Я мгновенно вывернулся и молниеносным рывком нанёс удар головой в его лицо. Следующим движением, схватив руку вывернул её за спину и когда он развернулся боком в мою сторону сильным ударом носка по Ахиллесову сухожилию той ноги, на которую он опирался, свалил его на пол.

Всё это произошло в какие-то доли минуты.

Охотников заступаться за «Шкелета», накинуться на меня не нашлось.

Я убеждён, что для людей ограниченных, не приклоняющихся перед силой ума, самым убедительным авторитетом является физическая сила, которая, к счастью, во мне ещё не была утрачена каторжным трудом.

А тут ещё и Иван Семёнович, выступив вперёд, торжественно, в центр барака, воскликнул: – Магомед-Гирей – человек с Кавказа, – словно давал тем самым понять, что со мной лучше не связываться.

Однако сам Иван Семёнович порядком струсил, но, несмотря на это, как только я уложил второй раз «Шкелета» на пол и снова стал в ожидании, пока противник поднимется, он, что называется, обеспечил безопасность тыла, встав спиной к моей спине.

«Шкелет» «капитулировал». Я поднял свой мешок, пошёл к топчану. Иван Семёнович последовал за мной. Он не отходил от меня ни на шаг. В первую ночь не сомкнул глаз, боясь, что «Шкелет» или кто-либо из других уголовников нападёт на меня.

На вторую ночь я запретил Ивану Семёновичу караулить меня. Нехотя он ушёл, когда в бараке погасили свет. На утро я не обнаружил своего вещевого мешка.

Нас зачислили в бригаду тягачей в угольную шахту. Узенькая колея, вагонетки. Норма для всех одна. Мне, ещё сильному физически, это удавалось, а вот Ивану Семёновичу было очень трудно.

А дело было поставлено так, что если не выработаешь норму, значит, не получишь полную пайку хлеба. А если не поешь, силы вовсе иссякнут. Мне приходилось толкать вагонетки свои, а потом помогать Ивану Семёновичу, ибо я видел, как он выбивался из сил, но не подает виду.

Вскоре стал падать от усталости и я.

Тогда решил обратиться с просьбой к «Тузу». Так называли повара арестантской кухни. Он тоже был из наших, только сидел за растрату.

Меня отталкивала эта категория арестантов – вёртких, лживых, наглых, для которых ничего не значило стянуть что-либо не только у «быдла», но и у своего.
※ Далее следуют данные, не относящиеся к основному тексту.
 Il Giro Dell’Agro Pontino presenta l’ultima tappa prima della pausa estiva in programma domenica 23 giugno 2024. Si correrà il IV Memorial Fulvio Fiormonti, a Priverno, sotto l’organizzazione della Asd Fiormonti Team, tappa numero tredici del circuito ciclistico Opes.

Но «Туз» отличался от них своей гордостью, надменным видом, одет он был лучше остальных – ну, в общем, аристократ среди воров. Он с презрением смотрел на «щипачей» (карманников), «скокорей» (домушников). Почтительно относился только к медвежатникам и политическим.

Как я узнал позже, это был крупный аферист, который на свободе ворочал тысячами. Ну, скажем, ему становилось известно, что какой-то цеховик, артельщик сделал на оборотах крупную сумму.
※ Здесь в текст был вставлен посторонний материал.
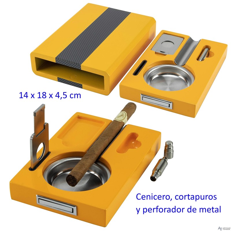 Set de cigarros amarillo/carbono con cenicero, cortapuros y perforador 14...

Обычно дельцы такого разряда деньги в сберкассе не хранят, а стараются обратить часть их в ценности, а остальные держат при себе. Наколов такого «птенчика», «Туз» посылает к нему «уполномоченных», которые предупреждают, что «дело пахнет керосином».

«Птенчик» начинает «трепыхать», «чирикать», «кладёт» «уполномоченным», которые «обещает помочь», «на лапу». А через некоторое время строго конфиденциально, на нейтральной зоне происходит встреча «Туза» с «птенчиком».

«Туз», разодетый в форму работника НКВД, раскрывает перед «птенчиком» солидную папку с донесениями и показаниями «свидетелей», имеющих отношение к подельникам, участвовавшим в оборотах, и даёт слово в присутствии «птенчика» сжечь «дело», если он выложит означенную сумму, которую ему – «Тузу» – надо будет разделить с начальством.

«Птенчик» облегчённо вздыхает, когда в камине одной из загородных дач «дутое дело», объятое пламенем, превращается в пепел.

«Туз» – это фигура, прожигавшая жизнь. Лучшие курорты страны, фешенебельные гостиницы, рестораны, роскошные квартиры, проститутки высшего класса – всё это этапы, пройденные им.

Даже в этом сыром бараке у «Туза» всё самое лучшее: начиная с перстня – правда, серебряного – и кончая овчинным тулупом. У него, как у всех, одна мечта – побыстрее отбыть срок и предаться прежней жизни, легко делая деньги. Он не унывает, потому что верен себе.

Он не только горд, самоуверен – где-то в нём проявляется и «благородство». К тому же и манеры у него «аристократические», и речь – хоть и не терпящая возражений, но мягкая. Он никогда не выражается, не употребляет в словесных излияниях площадную брань, даже когда бывает «на взводе».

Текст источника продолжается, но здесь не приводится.